On Mon, Feb 24, 2025 at 05:31:16PM +0100, Jan Kara wrote:
> On Mon 24-02-25 14:21:37, Lorenzo Stoakes wrote:
> > On Mon, Feb 24, 2025 at 03:14:04PM +0100, Jan Kara wrote:
> > > Hello!
> > >
> > > On Fri 21-02-25 13:13:15, Kalesh Singh via Lsf-pc wrote:
> > > > Problem Statement
> > > > ===============
> > > >
> > > > Readahead can result in unnecessary page cache pollution for mapped
> > > > regions that are never accessed. Current mechanisms to disable
> > > > readahead lack granularity and rather operate at the file or VMA
> > > > level. This proposal seeks to initiate discussion at LSFMM to explore
> > > > potential solutions for optimizing page cache/readahead behavior.
> > > >
> > > >
> > > > Background
> > > > =========
> > > >
> > > > The read-ahead heuristics on file-backed memory mappings can
> > > > inadvertently populate the page cache with pages corresponding to
> > > > regions that user-space processes are known never to access e.g ELF
> > > > LOAD segment padding regions. While these pages are ultimately
> > > > reclaimable, their presence precipitates unnecessary I/O operations,
> > > > particularly when a substantial quantity of such regions exists.
> > > >
> > > > Although the underlying file can be made sparse in these regions to
> > > > mitigate I/O, readahead will still allocate discrete zero pages when
> > > > populating the page cache within these ranges. These pages, while
> > > > subject to reclaim, introduce additional churn to the LRU. This
> > > > reclaim overhead is further exacerbated in filesystems that support
> > > > "fault-around" semantics, that can populate the surrounding pages’
> > > > PTEs if found present in the page cache.
> > > >
> > > > While the memory impact may be negligible for large files containing a
> > > > limited number of sparse regions, it becomes appreciable for many
> > > > small mappings characterized by numerous holes. This scenario can
> > > > arise from efforts to minimize vm_area_struct slab memory footprint.
> > >
> > > OK, I agree the behavior you describe exists. But do you have some
> > > real-world numbers showing its extent? I'm not looking for some artificial
> > > numbers - sure bad cases can be constructed - but how big practical problem
> > > is this? If you can show that average Android phone has 10% of these
> > > useless pages in memory than that's one thing and we should be looking for
> > > some general solution.
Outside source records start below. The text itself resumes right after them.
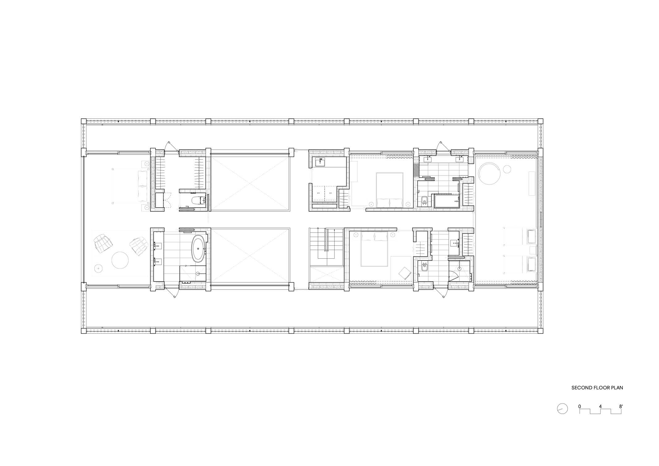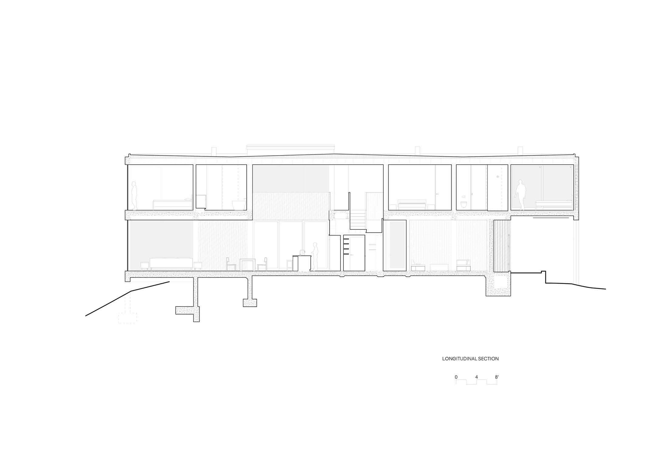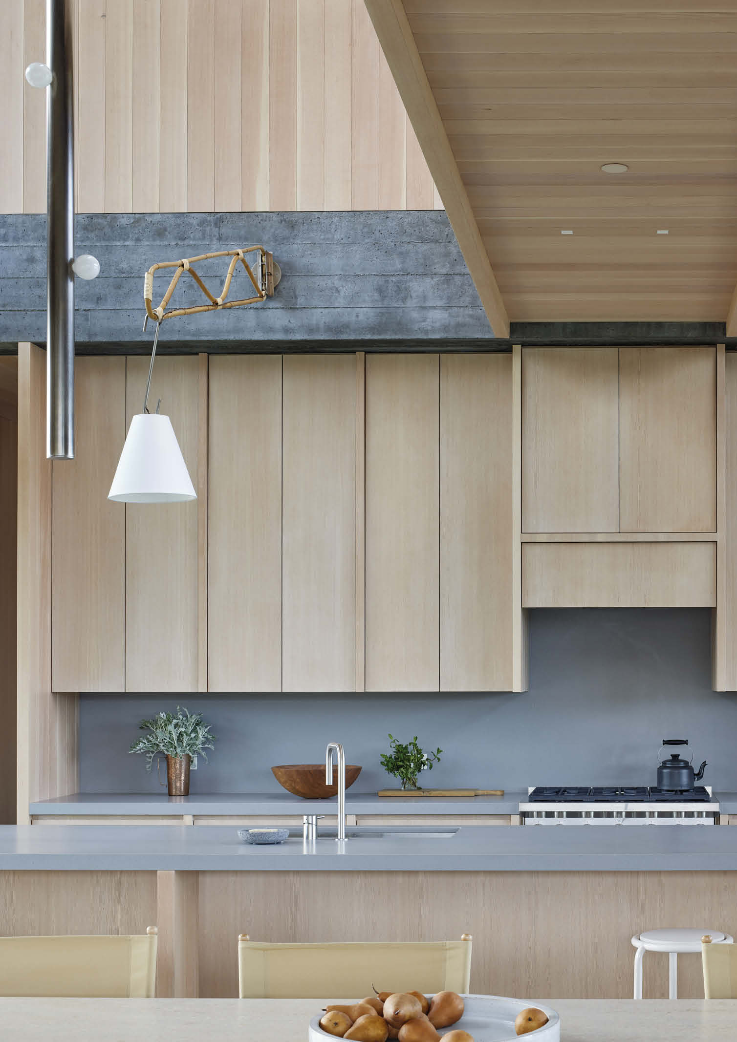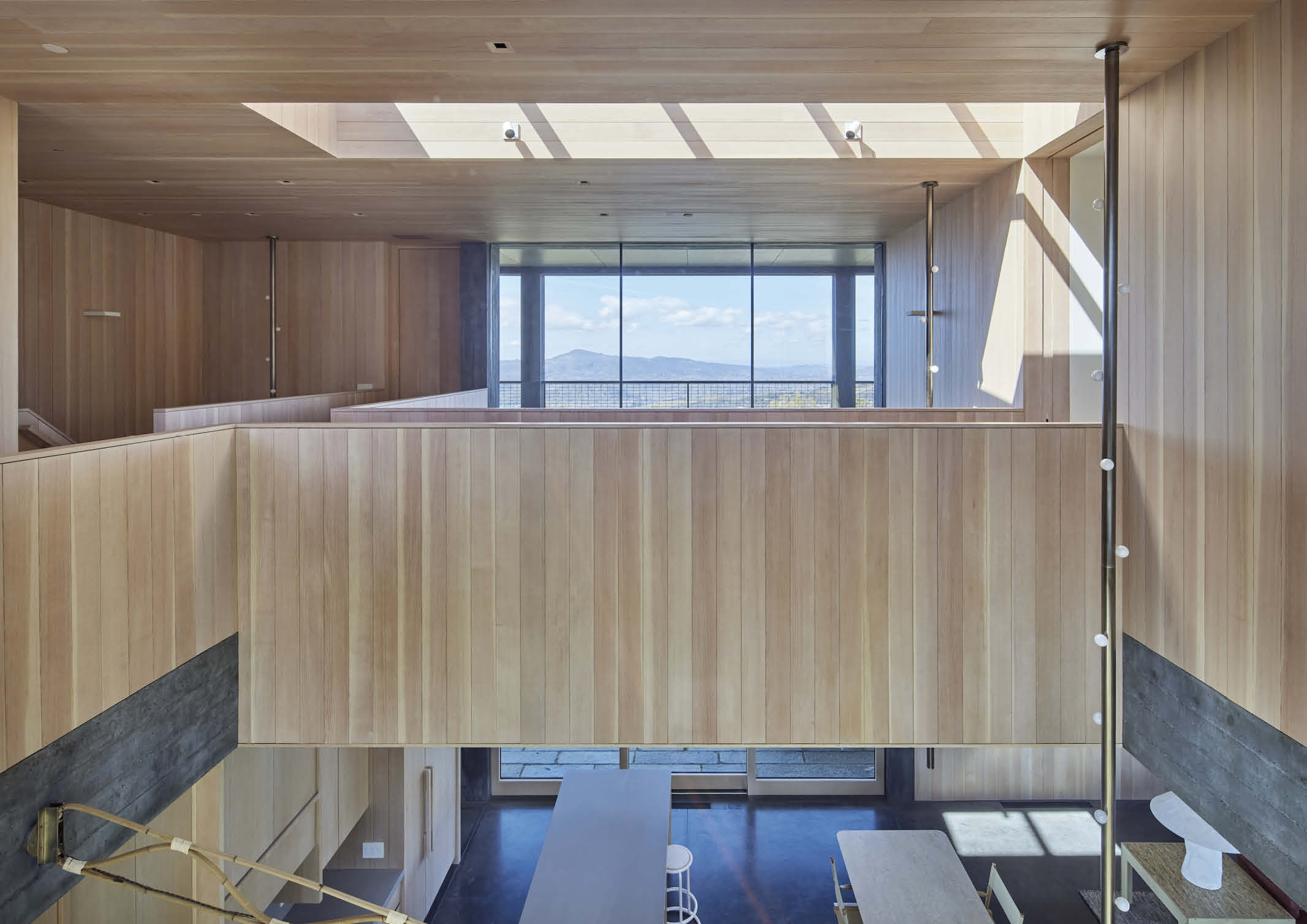 Furthermore, a catwalk, illuminated by a linear skylight, connects the two bedroom wings, which have painted gypsum board walls, wooden floors, and doors, and are dotted with wooden wall sconces reminiscent of mid-century California craft design.
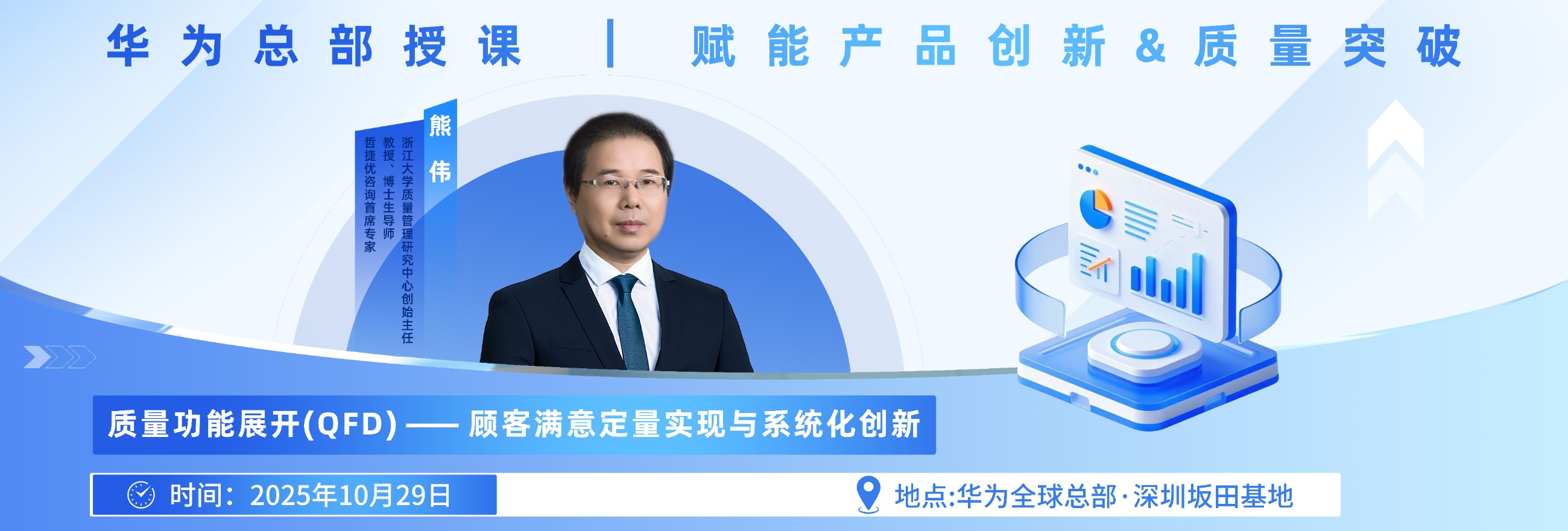 2025年10月29日,哲捷优咨询首席专家、被誉为“中国QFD之父”的熊伟教授受邀在深圳坂田基地的华为全球总部为华为技术有限公司开展QFD专题培训。熊伟教授曾为华为终端BG(包括手机、个人电脑和平板电脑、可穿戴设备、移动宽带终端、家庭终端和终端云等产品)培训QFD课程、也曾担任评审组长评审和推荐华为公司荣获第二届中国质量奖。
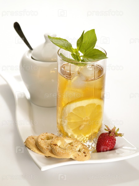 Холодный черный чай с лимоном, лед и капли воды на поверхности стекла
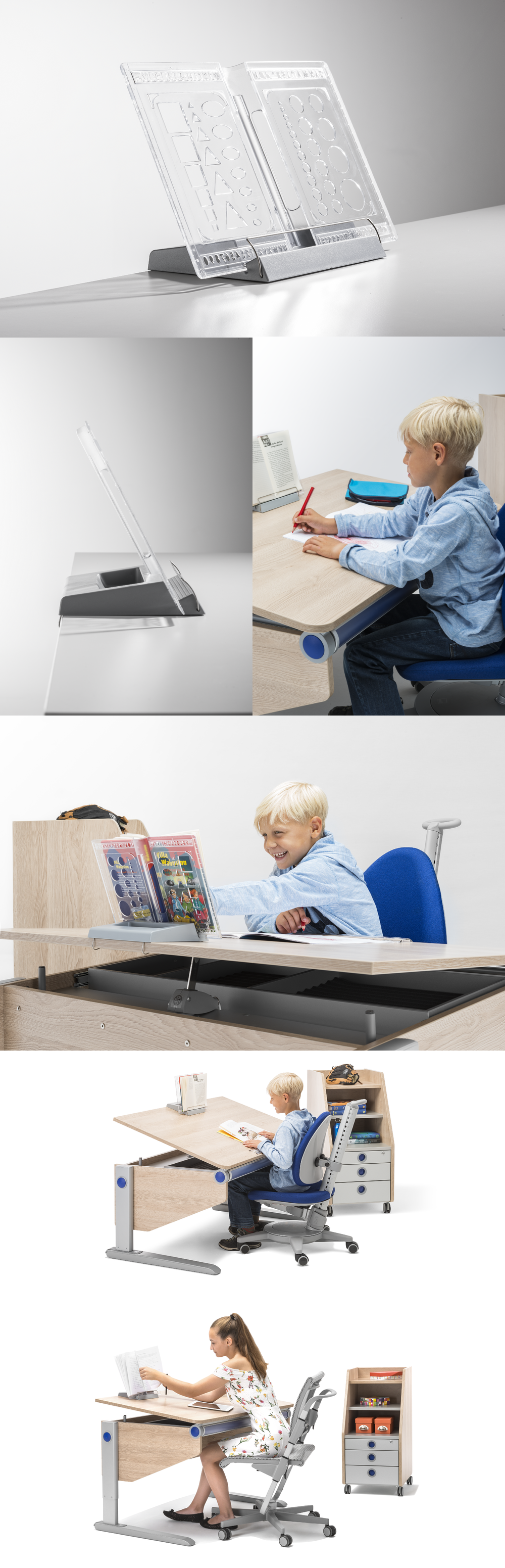 Bookend, timetable holder, ruler, tracing and reading magnifier combined.

If it is more like 0.1%, then why bother?
> > >
> > > > Limitations of Existing Mechanisms
> > > > ===========================
> > > >
> > > > fadvise(..., POSIX_FADV_RANDOM, ...): disables read-ahead for the
> > > > entire file, rather than specific sub-regions. The offset and length
> > > > parameters primarily serve the POSIX_FADV_WILLNEED [1] and
> > > > POSIX_FADV_DONTNEED [2] cases.
> > > >
> > > > madvise(..., MADV_RANDOM, ...): Similarly, this applies on the entire
> > > > VMA, rather than specific sub-regions. [3]
> > > > Guard Regions: While guard regions for file-backed VMAs circumvent
> > > > fault-around concerns, the fundamental issue of unnecessary page cache
> > > > population persists. [4]
> > >
> > > Somewhere else in the thread you complain about readahead extending past
> > > the VMA. That's relatively easy to avoid at least for readahead triggered
> > > from filemap_fault() (i.e., do_async_mmap_readahead() and
> > > do_sync_mmap_readahead()). I agree we could do that and that seems as a
> > > relatively uncontroversial change. Note that if someone accesses the file
> > > through standard read(2) or write(2) syscall or through different memory
> > > mapping, the limits won't apply but such combinations of access are not
> > > that common anyway.
> >
> > Hm I'm not sure sure, map elf files with different mprotect(), or mprotect()
> > different portions of a file and suddenly you lose all the readahead for the
> > rest even though you're reading sequentially?
>
> Well, you wouldn't loose all readahead for the rest. Just readahead won't
> preread data underlying the next VMA so yes, you get a cache miss and have
> to wait for a page to get loaded into cache when transitioning to the next
> VMA but once you get there, you'll have readahead running at full speed
> again.

I'm aware of how readahead works (I _believe_ there's currently a
pre-release of a book with a very extensive section on readahead written by
somebody :P).

Also been looking at it for file-backed guard regions recently, which is
why I've been commenting here specifically as it's been on my mind lately,
and also Kalesh's interest in this stems from a guard region 'scenario'
(hence my cc).

Anyway perhaps I didn't phrase this well - my concern is whether this might
impact performance in real world scenarios, such as one where a VMA is
mapped then mprotect()'d or mmap()'d in parts causing _separate VMAs_ of
the same file, in sequential order.